The short version is this:

  • All stay certificates that are not yet attached to a reservation will be converted to new category 1-4 certificates.
  • If your stay certificate was old category 1-5, then it’s an even exchange.
  • If your stay certificate was old category 6 or higher, then you would get points refunded to your account based on the difference in price between what you paid for the package and the old category 1-5 price.  For example, category 7 travel packages currently cost 60,000 points more than category 1-5 packages, so you would get 60,000 points back.
  • If you currently have the certificate attached to a reservation it would stay intact.  But, if you cancel the reservation (which you won’t be able to do between 8/18 and 9/18), you would then get a new category 1-4 certificate and the same number of points back that you would have received with an unattached certificate.
  • If you then need a higher level certificate, you would have to pay the difference based on new travel package pricing.  For example, if you want to upgrade from new category 1-4 to new category 7, you would have to pay 240,000 points.

Why this is doubtful

There are several reasons to doubt the above theory:

  1. Marriott has asserted that they will share a “conversion chart” on 8/18 and that the mapping from old to new will result in “similarly valued categories” (hat tip View from the Wing).
  2. If this is indeed the plan, I can’t think of any reason why Marriott would require a one month freeze on old stay certificates (see: Marriott Travel Packages won’t turn into points, but will go into 1 month limbo).  Why not convert them immediately to category 1-4?
  3. I hate to say this, but in my experience call center representatives are wrong about these things far more often than they’re right.  There’s no particular reason to believe this one call center rep over a higher level Marriott spokesperson.

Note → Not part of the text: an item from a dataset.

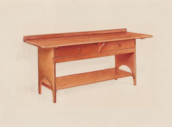 Alfred H. Smith made this Shaker Refectory Table with Benches sometime between the late 19th and early 20th century, in watercolor, graphite, and colored pencil on paper. I’m really struck by the rendering here, the way Smith uses a limited palette to give us just enough visual information. There’s this really gorgeous warm honey tone on the tabletop, with an almost imperceptible grain, and then that lovely, muted red on the benches and the trim of the table. The whole thing is rendered with such care. Look at how the shadows are depicted, just a gentle wash of grey, giving the whole scene a ghostly, ethereal quality. What Smith has achieved is a kind of quiet monumentality that reminds me of some of those early American folk artists like Joseph Pickett. I like to think of art as an ongoing conversation, a kind of call and response across time. And this drawing is a beautiful articulation of that idea.
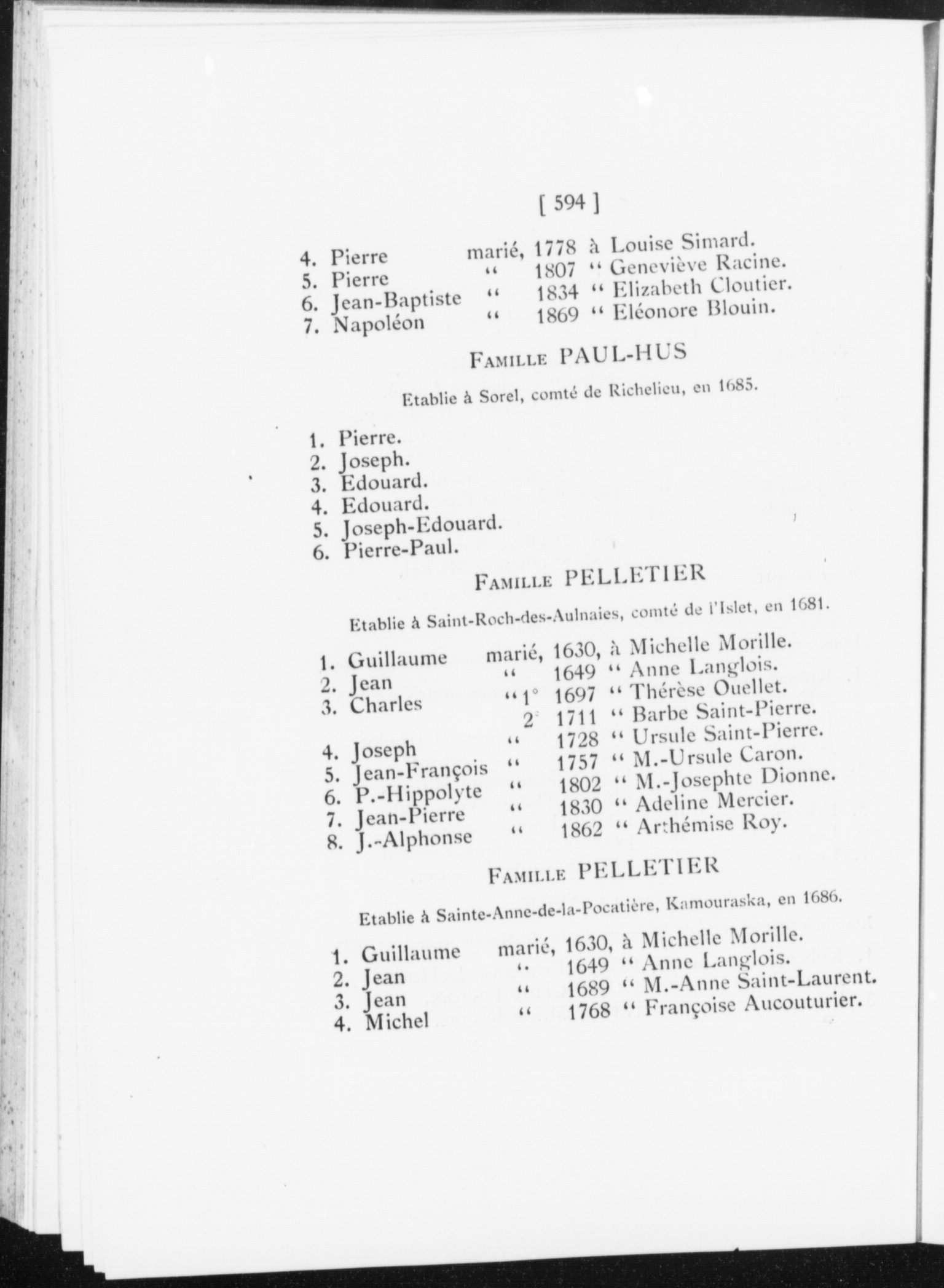 "Liste des familles de la province de Québec dont les descendants occupent (en 1908) la terre ancestrale depuis deux cents ans ou plus": pages [517]-611.

Why I’m inclined to believe it anyway

Despite the reasons to doubt the theory, I’m leaning towards believing it:

  1. It simply makes sense.  It’s the only solution I’ve heard that is arguably fair to everyone without being overly generous.
  2. Every category mapping approach that I can think of has a huge potential exploit: It would probably be possible to buy a top tier package now, and then downgrade it to a bottom tier package in September in order to get a huge number of points back.  This probably wouldn’t sit well with Marriott.
  3. It explains why my Marriott contact hinted to me that people would be better off attaching their certificates now (see: Banking travel certificates for future luxury).  If the above theory is true, then your best bet is to book your actual stay before 8/18, unless you’re planning to stay in a category 1-4 hotel.  The reason is that the price to upgrade post 8/18 will be much higher than the price to upgrade today.

If it’s true, then…

If the theory is true, then those who only buy the travel packages for the miles will come out even regardless of what category package they buy.  In that case, though, they may be able to buy more packages now by downgrading existing ones to category 1-5.

Similarly, for those who are looking forward to using their certificates at new category 1-4 hotels (Marriott or Starwood), they’ll come out even.

Those wanting to book a higher level Marriott property (one that currently costs more than 25K per night) should book them now.  Unless the hotel is dropping way down in price, it will cost more in the future.

For those wanting to book a higher level Starwood property, you could book a higher level travel package now and hope that the theory presented above is wrong.  You won’t lose much through that gamble since you’ll still get valuable airline miles at a competitive rate that won’t be available to you after this Friday.